Thursday, November 12, 2009


Not far from where I live here in Phoenix, Airheadzona, is a house I have occasion to drive past on a semi-regular basis. I’ve never actually spoken with the residents but judging from the handmade “Peace On Earth” sign that’s been hanging across the front of their house for years and the parade of anti-Bush signs that made appearances during the 8-year debacle under King George W(ish I had a brain) Bush, it’s a pretty safe bet that the people living in the Billboard House are registered Democrats. I mean, let’s be honest, only a Screwball Squirrel Liberal would permanently hang an ugly hand-lettered “Peace On Earth” sign on the front of their house.

[The Peace Sign.]

The “Peace On Earth” sign had been displayed all by its lonesome since King "W" left office and Mr. Hope Change took over the White House with help from his Marxist friends. But early last week, I suddenly discovered that the peace sign had company. When you hear of rumors that even many Democrats who voted for USAP are now turning against him and causing a drop in his approval numbers, you’d better believe them. The evidence is on the front of this house. The sign may be a bit hard to read, so I’ve printed the text below it:

[A sign of Democrat Dissatisfaction.]

To: Camp Obama and U.N. Nobel Peace Prize
DPT: Marsha Clarck O.J.’s prosecutor was made
Woman Of The Year after she lost O.J.s case!
Obama received 2009 Nobel Peace
Prize!? What for?! For: talkeng, traveleng,
spendeng, promesseng….Michelle haw
about giving back? I was less than a slave here in U.S.

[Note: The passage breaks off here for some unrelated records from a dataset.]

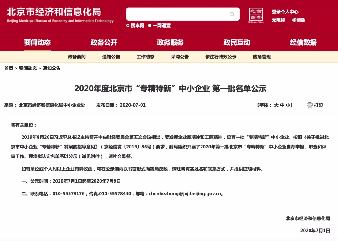 北京市開展“專精特新”企業(yè)培育工作,旨在促進(jìn)中小企業(yè)轉(zhuǎn)型升級(jí),提升中小企業(yè)綜合競(jìng)爭(zhēng)力,培育一批在細(xì)分行業(yè)內(nèi)技術(shù)實(shí)力強(qiáng)、產(chǎn)品質(zhì)量好、服務(wù)水平優(yōu)、市場(chǎng)份額高、品牌影響大、發(fā)展前景廣的中小企業(yè)。2020年第一批北京市“專精特新”中小企業(yè)評(píng)選綜合考察了企業(yè)的經(jīng)營(yíng)、技術(shù)和市場(chǎng)前景等條件。獲得“專精特新”稱號(hào)的中小企業(yè),意味著其是市場(chǎng)中的佼佼者,是行業(yè)中創(chuàng)新能力強(qiáng)、掌握關(guān)鍵核心技術(shù)的領(lǐng)頭羊企業(yè)。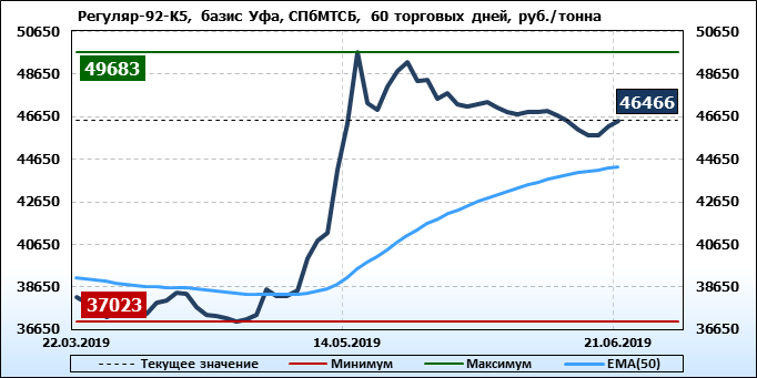 Цены на бензин Регуляр-92 класс 5, базис поставки Уфа, торгуемые на СПбМТСБ, упали за неделю на 5 рублей до 46466 рублей за тонну. Тренд на рынке бензина Регуляр-92-К5 на СпбМТСБ, базис поставки Уфа, направлен вверх.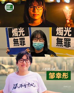 邹幸彤在狱中一直抵制港府的反民主、反人权待遇,继续与压迫香港人民的制度进行顽强斗争。这给了世界各地渴望民主社会的人权活动人士和公民带来勇气和希望。尽管身陷囹圄,但邹幸彤女士已成为香港人勇气和希望的象征。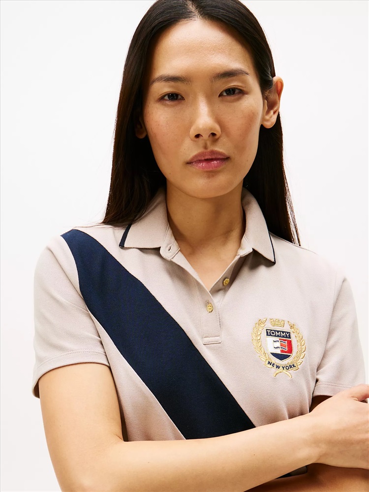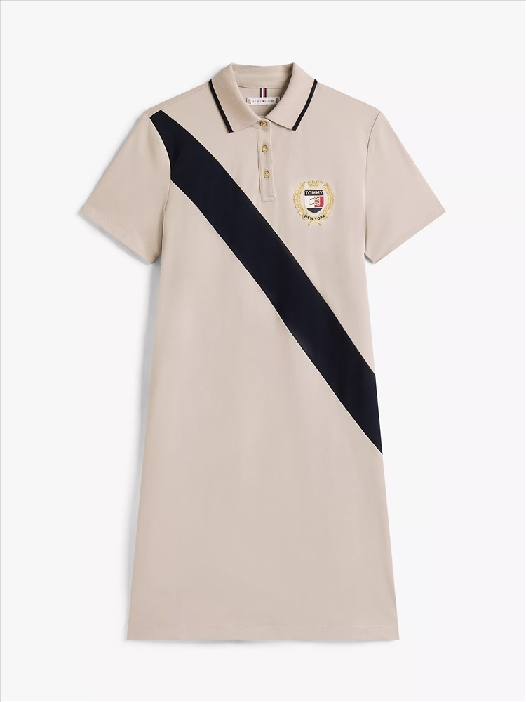 Tommy Hilfiger women's dress. Soft, stretch cotton in an easy cut makes this sporty polo dress a comfortable pick. The bold diagonal banner stripe makes it a memorable one.

[A Nut House beats a Full House hands-down.]

If you were wondering about the unique spelling on that political sign, remember this is Airheadzona – how many times I gotta tell ya how dumb these people is?

Don’t bother asking about the “slave” reference as I haven’t even a clue to its meaning.

As for the property values . . . never mind. The sad fact is that our home prices are now so low in Phoenix that even neighbors like these in the Billboard House can’t diminish them further. Airheadzona sez: “Give us your tired, your poor, your huddled spelling bee dropouts.”

~ Stephen T. McCarthy
Doggtor of Blogology, and author of the best-selling books ‘Drunken Driving On The Information Superhighway’ and ‘Blogging For Fun & Profit, Hope & Change, Gin & Vermouth, and T.& A.’


  1. This doesn't even come near to qualifying as outsider art like Howard Finster and folks like him. At least the stuff those folk artists puts in front of thayr houses has some colorful pitures and they even spel write I think.
    Thank goodness in my neighborhood nobody's been putting up weird signs like that, only "house for rent" and "foreclosure sale by bank" signs.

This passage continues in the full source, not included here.